Неподдельный ужас и страх охватил всех и вся. Происшедшее как-то не увязывалось с успешно проведённым мероприятием. Секретарь райкома прекрасно понимал, как это подрывает политику компартии и ее лидера Хрущева. Ведь это он обещал в скором времени уничтожить священство, а вместе с тем и храмы. По генеральной линии партии вот-вот должен наступить коммунизм с земным и неземным счастьем. А тут эти попы с райской жизнью и небесными благами. Да еще этот вечный страх перед Богом за содеянные грехи. Чего-чего, а грехов-то понадеяно - хлебать не перехлебать.
-Надо как-то выходить из положения, - сказал секретарь председателю, - нет ли у тебя, товарищ Курин, комсомолишки какого, чтобы сделал это важное для партии и народа дело.
- Да. Есть. Это внук нашего костоправа Якова Мусина. Петром зовут. Между прочим, секретарь комсомольской гвардии нашего совхоза. Только, тыры - пыры, за воротник любитель заложить, - едрит твою мать, да девкам мякушки потискать. У него, паразита мордовского, тыры- пыры, жена и два ребятенка. Наказать его хотел!
-А вот и накажем, - сказал секретарь, - пусть искупит делом свои выкрутасы жеребячьи. Зови-ка, как ты говоришь, этого "тыры - пыры, паразита мордовского" до меня. Скажи, что Я зову его, мол выпить не с кем.

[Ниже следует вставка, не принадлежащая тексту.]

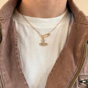 y2k 2000s vintage retro style rose gold iced out planet chain necklace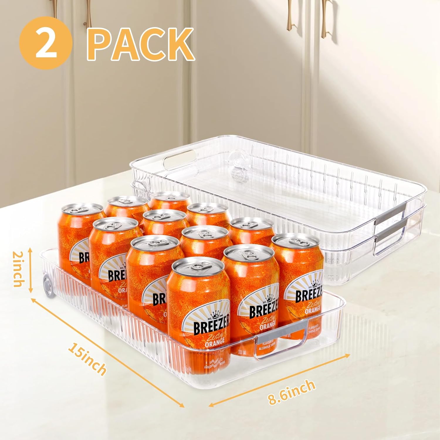 - Refrigerator Organizer and Storage Bins:(15"Lx8.6"Wx2"H) bins with smooth-rolling wheels for easy access.Clear organizer bins optimize fridge space and maintain tidiness—MEASURE refrigerator width before purchase.Multi-purpose for kitchen,cabinets,closets,offices,and bedrooms.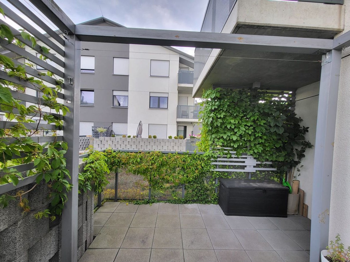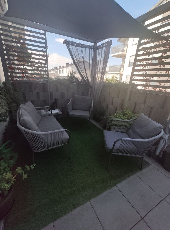 Taras 13 m² – zagospodarowany, drewniana pergola; zostaje skrzynia + żagiel z osprzętem + sztuczna trawa; rozrośnięty winobluszcz dający prywatność; możliwość dodatkowych nasadzeń w gazonach; opcja powiększenia tarasu o ok. 9 m².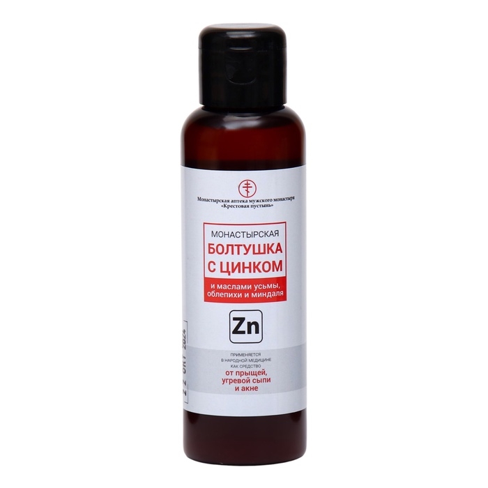 Монастырская болтушка с цинком обладает уникальным составом, благодаря чему может очистить кожу от прыщей и угревой сыпи, затянуть мелкие раны и царапины, купировать воспалительные процессы. Цинк издавна зарекомендовал себя как эффективное антисептическое средство, которое обладает обеззараживающим и подсушивающим свойствами. А растительные масла и настои в составе болтушки применяются в народной медицине для дезинфицирования и смягчения кожного покрова, тем самым создавая своеобразный защитный слой, что способствует профилактике нежелательных проявлений.

Курин побежал к толпе зевак, нашел Петьку Мусина. Поманил его к себе. Нарочито, по - товарищески взял его под руку и отвел в сторонку. Нагнулся к уху, и также по - товарищески прошептал, как пропел:
- Мы тут "мальчишник - девишник" сгондобобили. Тебя САМ к столу, тыры - пыры, приглашает. Айдакась, братишка комса. Хватит тебе с холопами шлындать. Пора в серьезную партию-компанию, едрит твою мать, вступить, понимаешь ли. Понял, чем старик старуху донял, а, Петр Яковлевич?
От такого лестного обращения грудь у Петьки сама колесом выгнулась. Он уже принял на эту грудь граммов этак двести, и глаза его еще пуще заиграли сапожным глянцем. Заблестели так! Орел, а не Петька!
Петруха повернулся к своей компании и небрежно так, сквозь губу процедил:
- Эй! Меня не ждите, я по делам.
Не "ребята", не "мужики", а - "эй" - компания ошалела! Как подменили Петруху... Да и от водки отказался... Как этот, Емеля, что ли? Или кто другой? В котел с молоком бултых и все! Был лапотником кривоногим, стал принцем-берлинцем! Нам больше достанется, фря комсовская! И мужики продолжили поминать урку. А называли они его почему-то "Урка - ВЕЧНАЯ каурка".
Выпив "за помин души крестом побитого", они не предполагали, наверное, что не в котелке с молоком "новопреставленному" купаться, а в котле со смолой. И гореть ему ВЕЧНО в геенне огненной.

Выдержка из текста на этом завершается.